When a malalignment-type ventricular septal defect is present, the infundibular septum is not only misplaced but is also frequently hypoplastic. Hence, significant subaortic narrowing is frequently difficult to ameliorate with mere resection of infundibular septal muscle.

Two alternative approaches have been adopted: the Ross-Konno procedure and the Norwood-Rastelli procedure. Note the following:

  • In the Ross-Konno procedure, the aortic outflow region is directly enlarged (Konno) and the aortic valve is replaced with a pulmonary valve autograft (Ross).[52] The coronary arterial ostia must be relocated to the autograft, and some sort of right ventricle–to–main pulmonary artery conduit is interposed (Ross). One relative contraindication to the Ross-Konno procedure is an unfavorable coronary artery pattern because this may well limit the efficacy of the Konno procedure.

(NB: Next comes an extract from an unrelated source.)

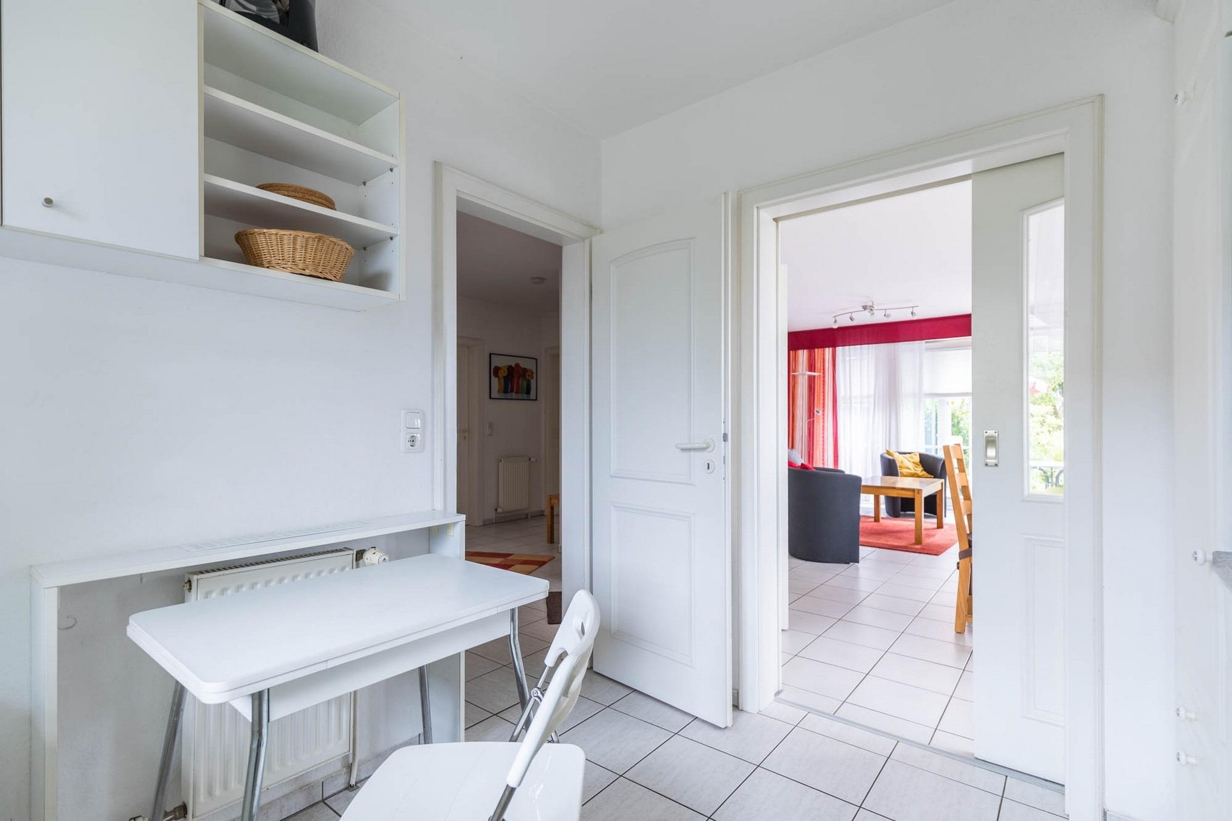 Die weiße Küche im Landhausstil ist mit allen Annehmlichkeiten und nützlichen Gerätschaften komplett ausgestattet. Am großen Esstisch finden 6 Personen Platz, bei Bedarf kann der Tisch noch vergrößert werden.

  • In the Norwood-Rastelli procedure, an interventricular baffle allows left ventricular blood to reach not only the aortic outflow but also the pulmonary annulus (Rastelli), and the main pulmonary artery is transected.[53] The proximal portion is anastomosed to the ascending aorta (Norwood) while the distal portion is connected to the right ventricle via a conduit (Rastelli).

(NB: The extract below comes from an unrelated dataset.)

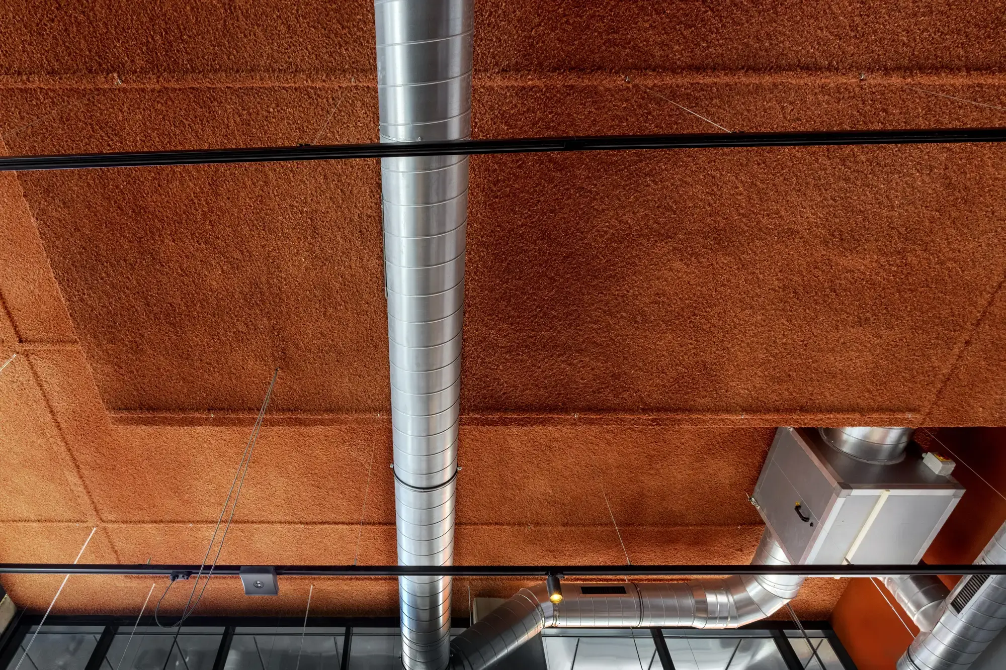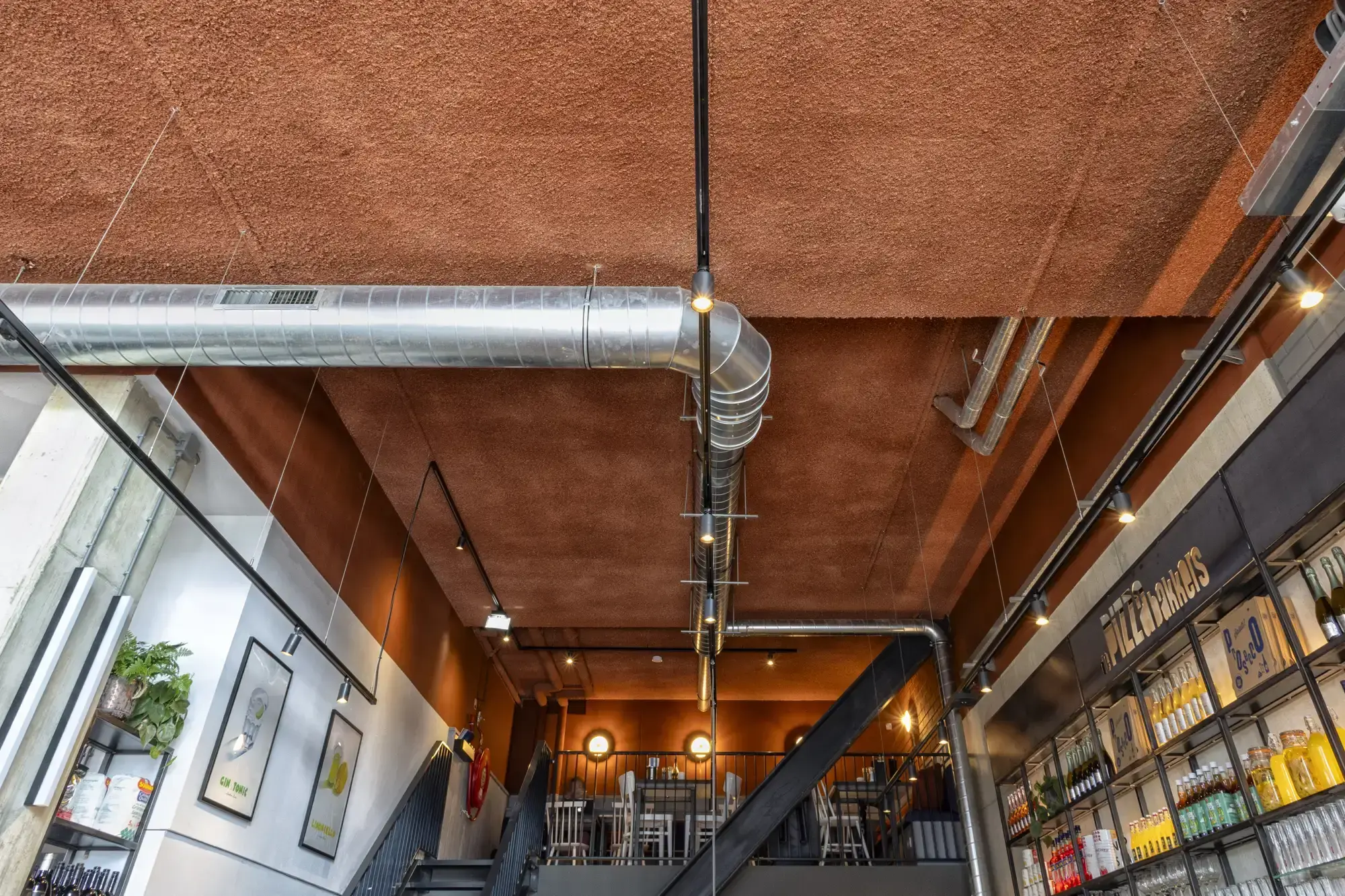 In het restaurant van De Pizzabakkers aan de NDSM-kade in Amsterdam hebben wij een prachtig akoestisch plafond mogen realiseren. Deze unieke kleur Terracotta hebben we speciaal voor De Pizzabakkers ontwikkeld, met dit als mooi eindresultaat.

One study reported the successful use of a regional cerebral perfusion technique to correct interrupted aortic arch.[54]

Newer surgical techniques to maintain native tissue continuity[55] may help prevention of re-narrowing.

Following surgical reconstruction, echocardiographic and Doppler evaluation of the adequacy of the repair should be performed.

Long-Term Monitoring

During follow-up, re-intervention may be required in nearly 30% of patients.[56] Such recurrences may be effectively treated either by balloon angioplasty or stent placement, depending upon the patient’s age and anatomy.[57, 58] Because of advances in neonatal, medical, anesthetic, and surgical care of these sick babies, the prognosis has improved during the last two decades.[59]




Class Summary

Alprostadil (PGE1) is used for treatment of ductal dependent cyanotic congenital heart disease, which is due to decreased pulmonary blood flow.

Alprostadil IV (Prostin VR)

Used to maintain patency of the ductus arteriosus in neonates with ductal-dependent congenital heart disease until surgery can be performed. Has direct vasodilatation action on the ductus arteriosus and vascular smooth muscle.